- _Instructions for the task_:
Retype exactly what runs from the first line of the data to the line with "Смеситель для раковины", keeping both of those lines and skipping pictures.

- _Extracted information_:
============================================================
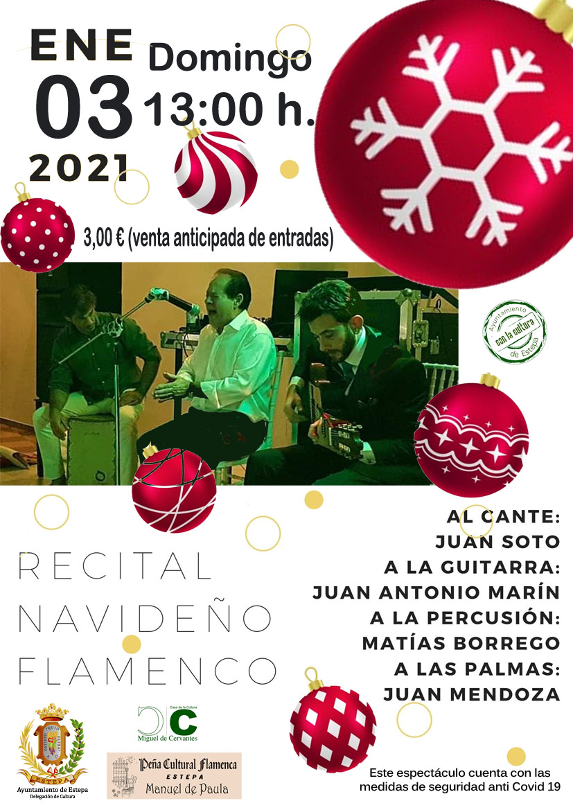 Continuando con nuestro apoyo al flamenco, la Delegación de Cultura organiza en esta ocasión un recital navideño flamenco, contribuyendo así a mitigar las diferentes navidades que nos ha tocado vivir.
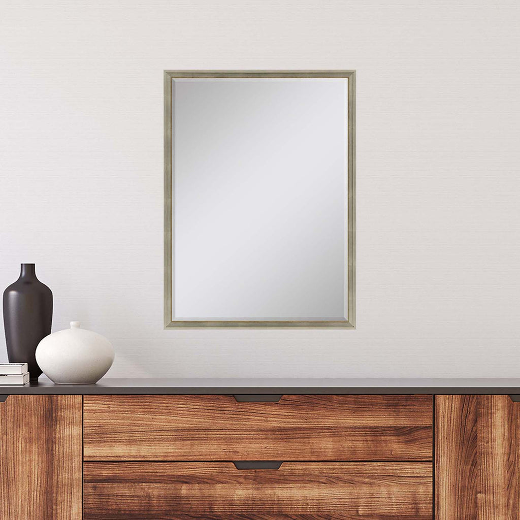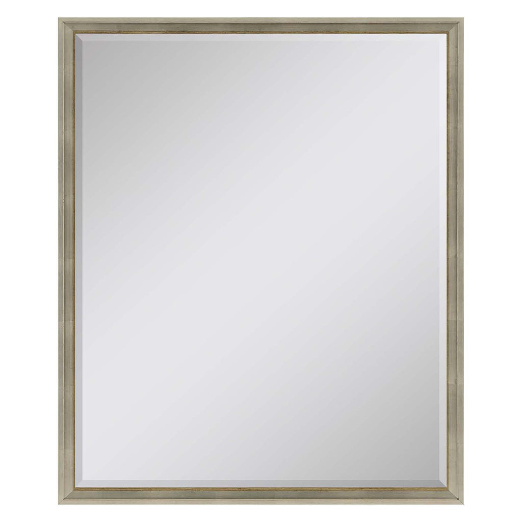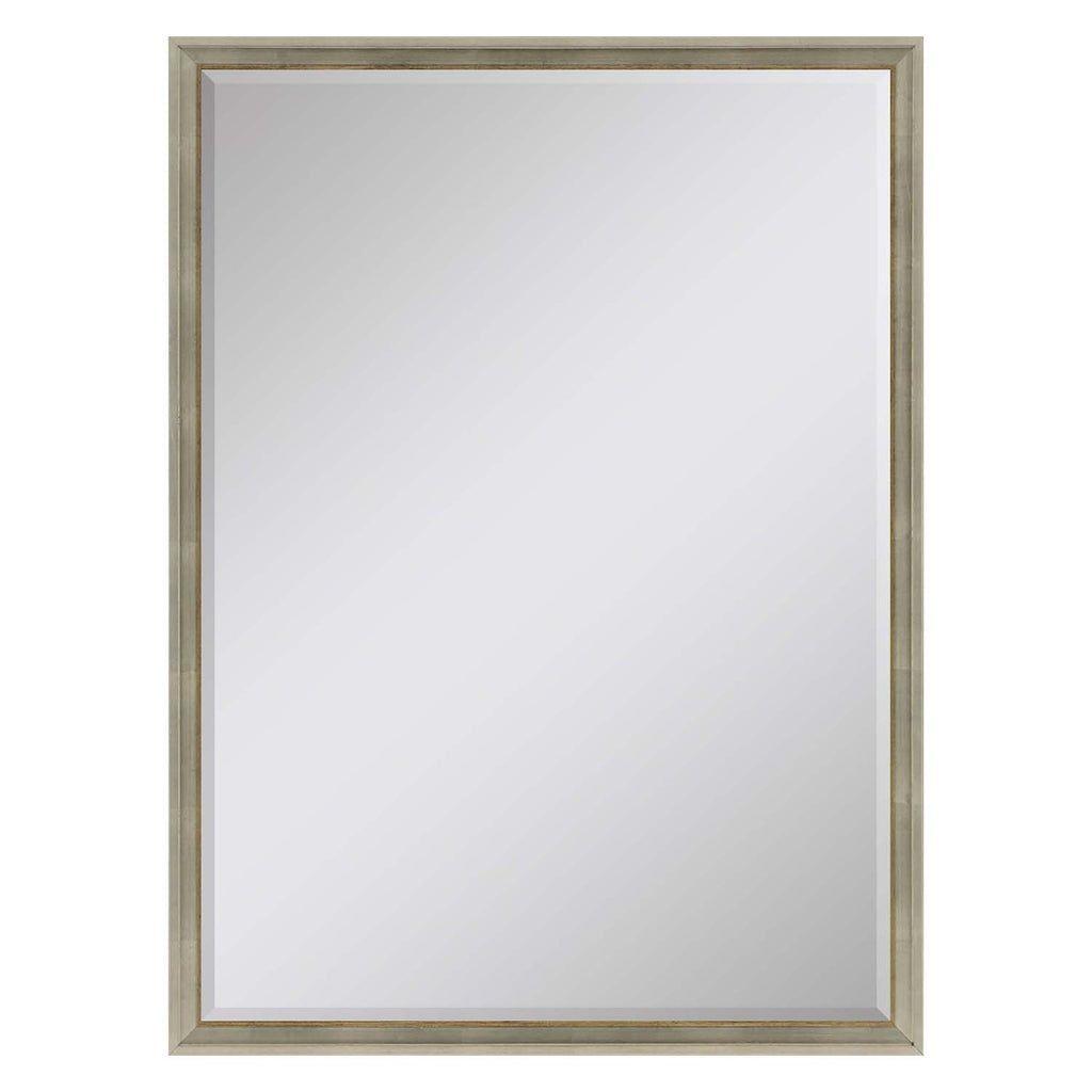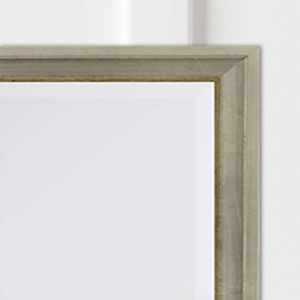 Elegant beveled mirror is framed in a silver leaf wood shadow box style molding with gold wash edging and black side.
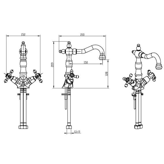 Смеситель для раковины Boheme Tradizionale Chromo 272
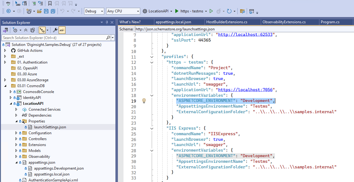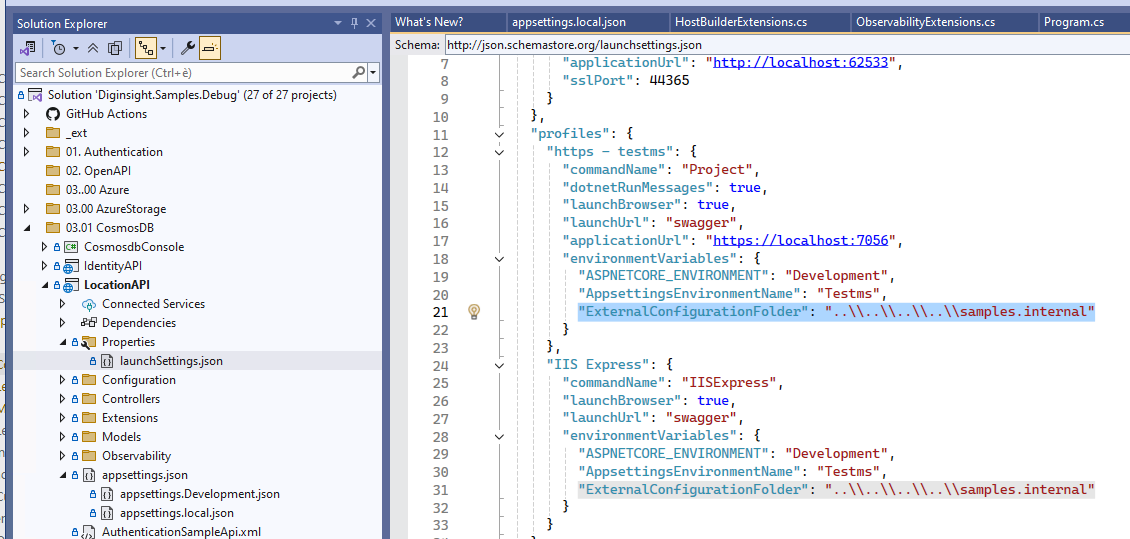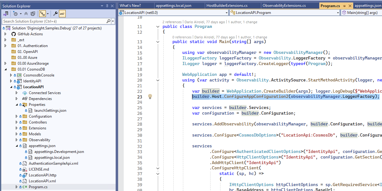 .Build();The image below shows diginsight sample LocationAPI that is loading configurations by means of builder.Host.ConfigureAppConfiguration2(); extension method.
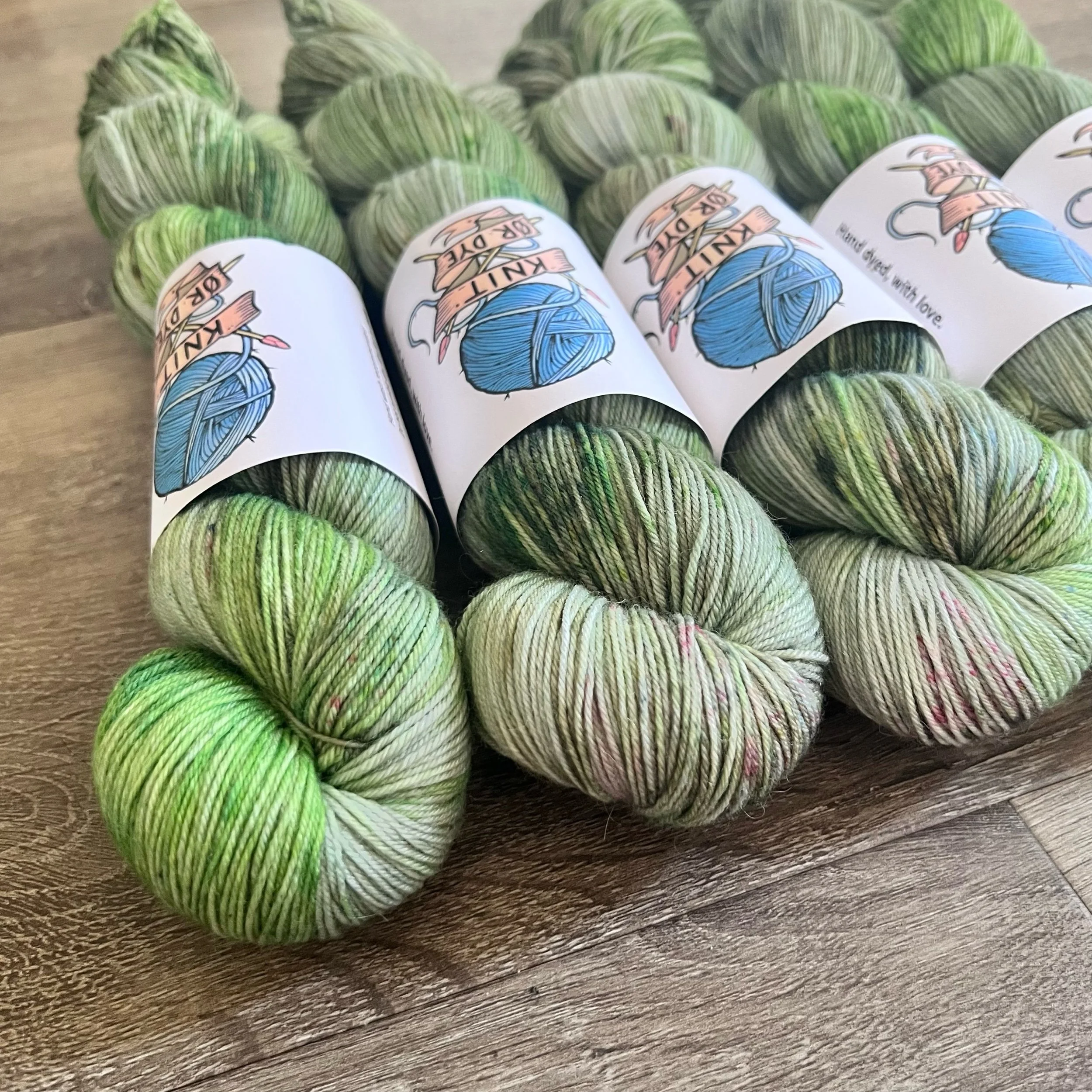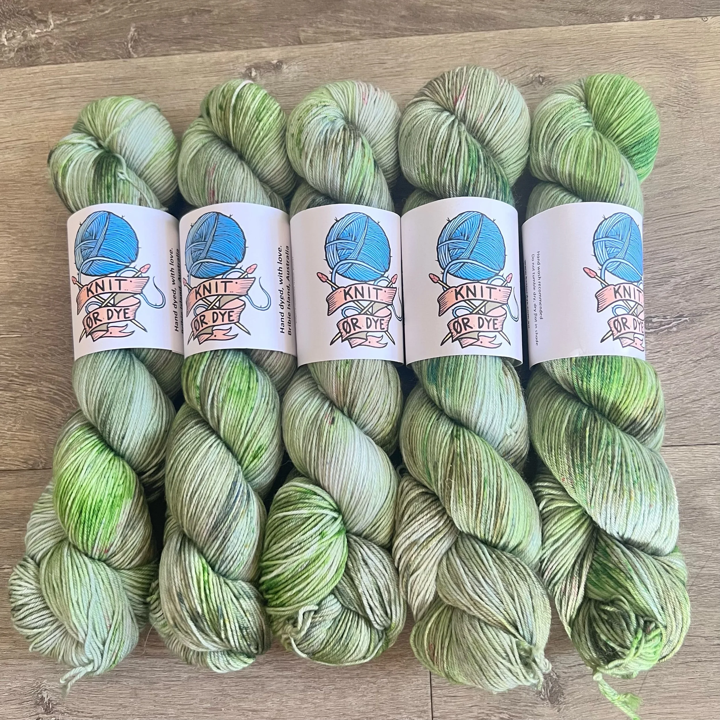 Soft, 75% superwash merino wool, 25% nylon sock yarn. Each skein is hand dyed with love ❤️. Skeins are ~ 100g, approx 425m. Fingering weight, or 4 ply (Australian weight).
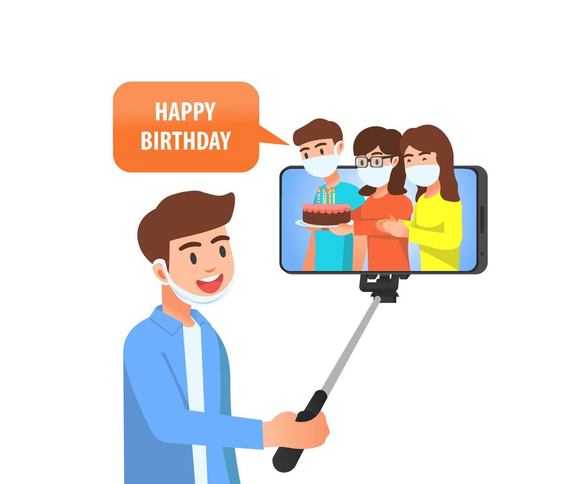 Teenage Boy Celebrates His Birthday Via Video Call 7941947 Vector Art At Vecteezy
============================================================
- _Task solution_:
 Continuando con nuestro apoyo al flamenco, la Delegación de Cultura organiza en esta ocasión un recital navideño flamenco, contribuyendo así a mitigar las diferentes navidades que nos ha tocado vivir.
 Elegant beveled mirror is framed in a silver leaf wood shadow box style molding with gold wash edging and black side.
 Смеситель для раковины Boheme Tradizionale Chromo 272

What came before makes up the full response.